Record extracts>
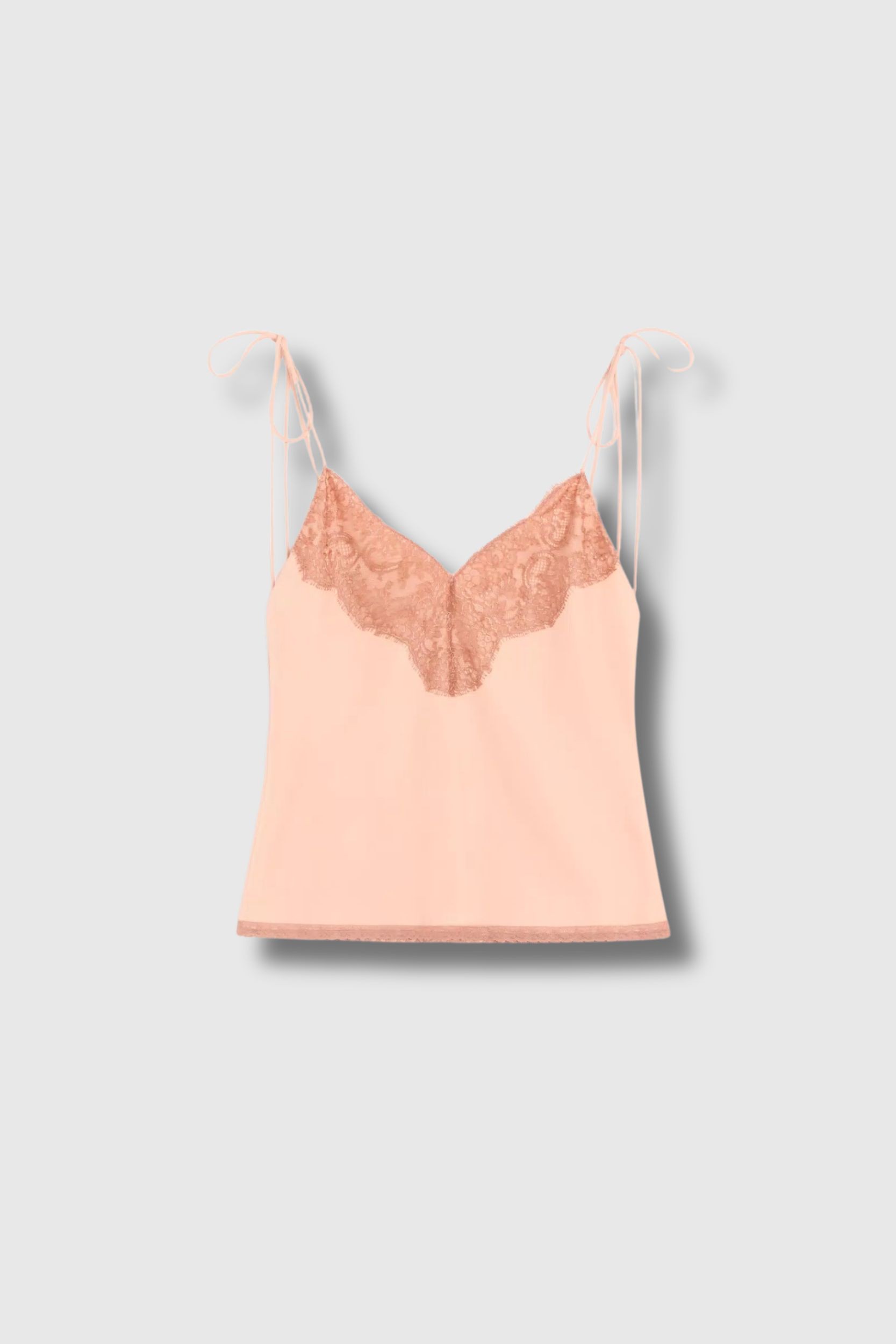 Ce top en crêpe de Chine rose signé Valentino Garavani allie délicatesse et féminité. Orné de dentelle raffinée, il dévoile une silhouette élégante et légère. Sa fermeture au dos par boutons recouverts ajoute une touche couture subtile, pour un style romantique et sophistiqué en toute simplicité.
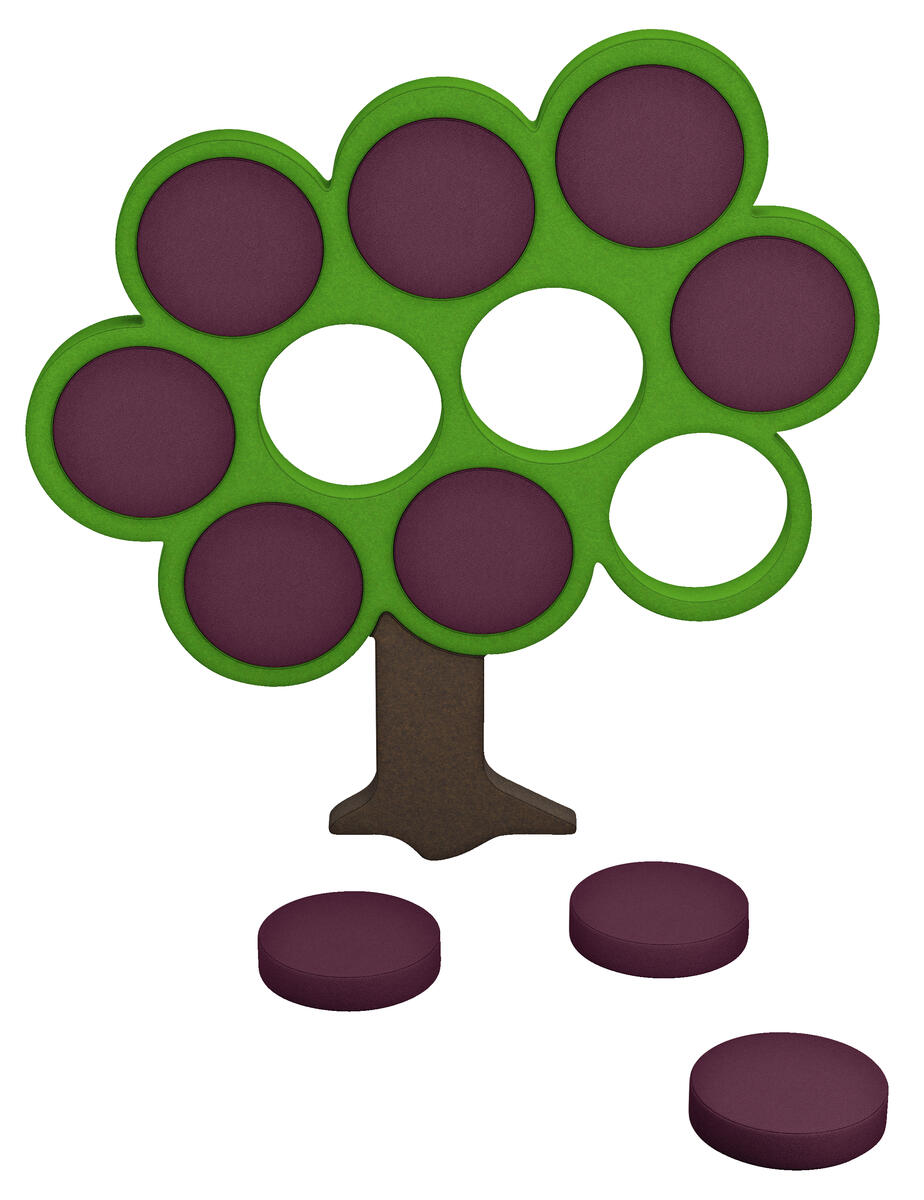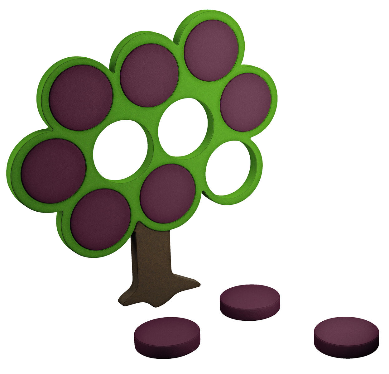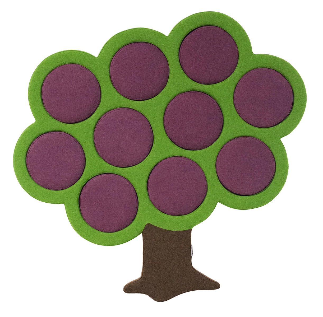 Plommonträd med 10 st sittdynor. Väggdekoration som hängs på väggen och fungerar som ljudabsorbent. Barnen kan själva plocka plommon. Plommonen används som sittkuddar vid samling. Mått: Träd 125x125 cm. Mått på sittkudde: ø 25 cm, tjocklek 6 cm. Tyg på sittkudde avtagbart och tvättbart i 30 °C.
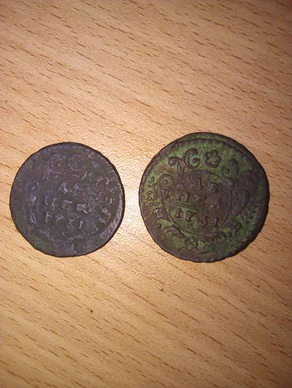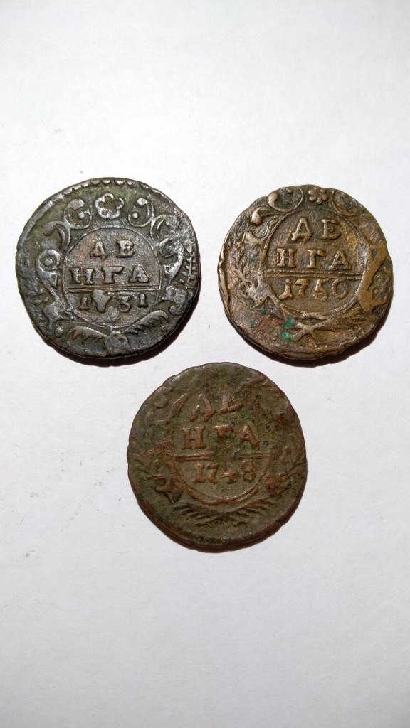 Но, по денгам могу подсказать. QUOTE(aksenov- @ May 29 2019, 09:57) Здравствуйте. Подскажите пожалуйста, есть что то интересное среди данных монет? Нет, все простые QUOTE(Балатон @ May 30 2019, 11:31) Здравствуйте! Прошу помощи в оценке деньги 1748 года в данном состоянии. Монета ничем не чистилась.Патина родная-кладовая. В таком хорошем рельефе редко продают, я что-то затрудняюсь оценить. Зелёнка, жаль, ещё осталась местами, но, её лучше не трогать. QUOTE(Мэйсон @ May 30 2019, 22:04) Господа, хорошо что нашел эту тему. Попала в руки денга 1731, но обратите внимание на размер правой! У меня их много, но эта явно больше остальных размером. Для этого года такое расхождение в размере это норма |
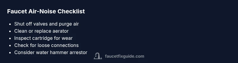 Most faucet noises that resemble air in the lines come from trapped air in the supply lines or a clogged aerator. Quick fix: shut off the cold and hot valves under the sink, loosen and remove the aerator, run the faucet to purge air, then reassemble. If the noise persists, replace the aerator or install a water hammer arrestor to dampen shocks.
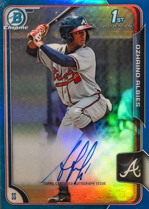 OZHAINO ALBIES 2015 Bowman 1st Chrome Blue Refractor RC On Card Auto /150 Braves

Assignment> After removing the pictures, set down every record above exactly as it stands.

Worked solution>
 Ce top en crêpe de Chine rose signé Valentino Garavani allie délicatesse et féminité. Orné de dentelle raffinée, il dévoile une silhouette élégante et légère. Sa fermeture au dos par boutons recouverts ajoute une touche couture subtile, pour un style romantique et sophistiqué en toute simplicité.
 Plommonträd med 10 st sittdynor. Väggdekoration som hängs på väggen och fungerar som ljudabsorbent. Barnen kan själva plocka plommon. Plommonen används som sittkuddar vid samling. Mått: Träd 125x125 cm. Mått på sittkudde: ø 25 cm, tjocklek 6 cm. Tyg på sittkudde avtagbart och tvättbart i 30 °C.
 Но, по денгам могу подсказать. QUOTE(aksenov- @ May 29 2019, 09:57) Здравствуйте. Подскажите пожалуйста, есть что то интересное среди данных монет? Нет, все простые QUOTE(Балатон @ May 30 2019, 11:31) Здравствуйте! Прошу помощи в оценке деньги 1748 года в данном состоянии. Монета ничем не чистилась.Патина родная-кладовая. В таком хорошем рельефе редко продают, я что-то затрудняюсь оценить. Зелёнка, жаль, ещё осталась местами, но, её лучше не трогать. QUOTE(Мэйсон @ May 30 2019, 22:04) Господа, хорошо что нашел эту тему. Попала в руки денга 1731, но обратите внимание на размер правой! У меня их много, но эта явно больше остальных размером. Для этого года такое расхождение в размере это норма |
 Most faucet noises that resemble air in the lines come from trapped air in the supply lines or a clogged aerator. Quick fix: shut off the cold and hot valves under the sink, loosen and remove the aerator, run the faucet to purge air, then reassemble. If the noise persists, replace the aerator or install a water hammer arrestor to dampen shocks.
 OZHAINO ALBIES 2015 Bowman 1st Chrome Blue Refractor RC On Card Auto /150 Braves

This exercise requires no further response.